День занялся неприветливым, однако дождь больше не шел. Волкодав выполнил обещание: не стал будить Эвриха. И тот, проснувшись, со стыдом обнаружил, что солнце, едва видимое за облаками, приблизилось к полуденной черте. Молодой аррант поспешно сел и завертел головой, ища своего спутника. Он увидел его почти сразу. Волкодав лежал под пологом возле давно потухшего костра и спал мертвым сном, поджав колени к груди. Был, значит, и его выносливости отмерен предел. На плече у венна сидел Мыш. И воинственно озирался, развернув когтистые крылья.

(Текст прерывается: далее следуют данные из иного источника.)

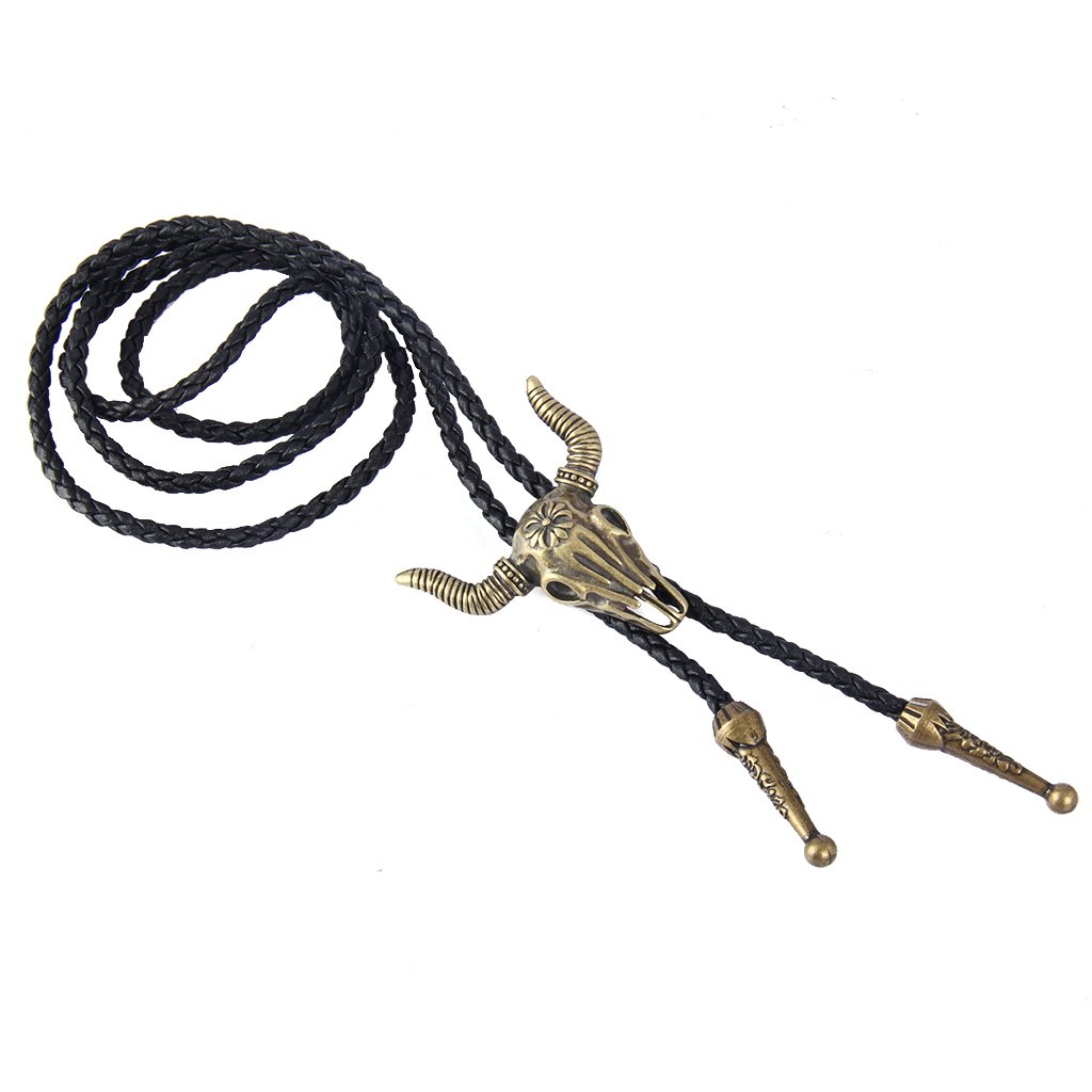 - HIGH QUALITY: The Cow Skull Bolo Tie is made of antique silver plated alloy, nikle free, no cadmium, lead, and the black string is made of high quality genuine leather, fit for men or women, a special apparel accessory in your shirt.

Эврих осторожно поднялся, взял котелок и, ступая на цыпочках, отправился за водой.
Женщина стояла на вершине холма и смотрела на дорогу, по которой подходили к деревне венн и аррант. Расстояние еще не давало подробно рассмотреть лицо и одежду, было видно только, как трепыхался на ветру подол темного платья. И почему-то чувствовалось, что стояла она там уже давно.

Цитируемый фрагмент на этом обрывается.